I sympathize with the our blood thirsty Editor's sense of outrage. However, even Mr. Stumpf and Ms. Tolstedt are entitled to due process, which at a minimum requires a fair and thorough procedure for adducing all of the relevant facts and a fair opportunity for them to defend themselves. Notwithstanding that, Wells Fargo has already fired Ms. Tolstedt, and Mr. Stumpf is unlikely to survive this scandal.

But what most interest me, as a lawyer, is whether facts, either direct or circumstantial, exist that show senior managers at Wells Fargo established a performance and incentive scheme for selling products at Wells Fargo's Community Baking division, where they knew or should have known that defrauding Wells Fargo's customers was a reasonably foreseeable outcome? If the answer to that question is yes, then the civil and criminal legal implications for Wells Fargo are dire, and would include, inter alia, charging Wells Fargo as a criminal enterprise under California and the United States RICO (Racketeering Influence And Corrupt Organizations Act) statutes.

Indeed the too hasty settlements between California and U.S. investigators and regulators and Wells Fargo may have had the effect and perhaps were even designed to shield Wells Fargo from the full rigor of the civil and criminal law's most severe sanctions. Neither California or the United States should have settled with Wells Fargo until a complete investigation had been conducted to determine the full extent of Well Fargo's liability under criminal law and regulations. Certainly, there hasn’t been enough time for anyone to conduct such an investigation. So by proceeding so quickly to settlement, California and the U.S. may have, I hope, unwittingly shielded Wells Fargo from full rigor of justice. If so, then California and the U.S. should return the $185 million to Wells Fargo, which is actually a tiny fine compared to Well Fargo’s assets and the harm done, proceed to conduct a thorough and exhaustive investigation of Wells Fargo's frauds, and then seek the appropriate penalties, including using RICO, not to shutdown and windup Wells Fargo, which would be an absurd and excessively harmful thing to do, but to invest a federal court judge with its full equitable powers of his office as a chancellor in equity to reform Wells Fargo's management, including its Board of Directors, and its culture.
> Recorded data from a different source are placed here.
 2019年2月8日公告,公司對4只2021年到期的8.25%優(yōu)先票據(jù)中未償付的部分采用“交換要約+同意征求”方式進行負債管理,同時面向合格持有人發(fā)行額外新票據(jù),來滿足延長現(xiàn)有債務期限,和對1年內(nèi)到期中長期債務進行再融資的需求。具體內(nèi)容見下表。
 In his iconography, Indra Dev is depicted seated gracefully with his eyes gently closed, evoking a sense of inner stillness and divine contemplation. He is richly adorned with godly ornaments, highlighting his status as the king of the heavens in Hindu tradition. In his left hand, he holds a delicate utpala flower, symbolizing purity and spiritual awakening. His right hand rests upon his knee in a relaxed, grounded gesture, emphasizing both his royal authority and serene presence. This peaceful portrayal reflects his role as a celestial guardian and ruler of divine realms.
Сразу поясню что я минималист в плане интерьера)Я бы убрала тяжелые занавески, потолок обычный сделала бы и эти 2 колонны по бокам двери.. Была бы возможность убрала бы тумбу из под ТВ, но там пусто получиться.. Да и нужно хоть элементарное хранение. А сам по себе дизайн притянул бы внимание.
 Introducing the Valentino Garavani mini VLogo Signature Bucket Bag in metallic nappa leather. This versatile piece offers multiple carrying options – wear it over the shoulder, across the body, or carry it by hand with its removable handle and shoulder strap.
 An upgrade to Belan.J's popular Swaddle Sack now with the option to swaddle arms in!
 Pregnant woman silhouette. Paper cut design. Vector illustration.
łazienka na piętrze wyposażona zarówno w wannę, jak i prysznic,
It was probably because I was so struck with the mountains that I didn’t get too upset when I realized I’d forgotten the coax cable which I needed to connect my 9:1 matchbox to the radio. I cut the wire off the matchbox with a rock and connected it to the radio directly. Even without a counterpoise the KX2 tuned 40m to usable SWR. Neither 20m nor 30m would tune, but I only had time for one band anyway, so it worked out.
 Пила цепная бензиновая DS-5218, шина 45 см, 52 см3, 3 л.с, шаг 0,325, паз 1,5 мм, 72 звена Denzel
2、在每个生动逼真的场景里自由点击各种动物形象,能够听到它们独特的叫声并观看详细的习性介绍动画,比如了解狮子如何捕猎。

That is what's justice requires and what the law warrants. While this may not be as blood thirsty as the Editor's justified outrage, in a choice, Wells Fargo would take the lesser effects of Editor's vengeance instead of the great rigor of the law's justice, as I've described it, supra. Yet justice, being justice, is the better and more appropriate thing.

George

Due process? I've worked in several Fortune 500 companies and a couple banks. When 5,000+ employees are fired for similar offenses during five years, somebody in the human resources department is paid and responsible for noticing -- unless they are incompetent (too). If not, then how many fired employees does it take before executives notice a troubling employment trend? 8,000? 10,000? 20,000? Assuming competence, red flags must have been raised by HR staff to senior managers -- and seem to have been ignored. If not, then senior HR executives probably need to be fired, too.

I've worked in companies with sales forces that had similar incentive programs. Heck, I've also worked as a sales person. There are always employees trying to game any sales incentive system. Smart, competent managers expect this, plan accordingly, and take appropriate, timely action. To not do so is foolish.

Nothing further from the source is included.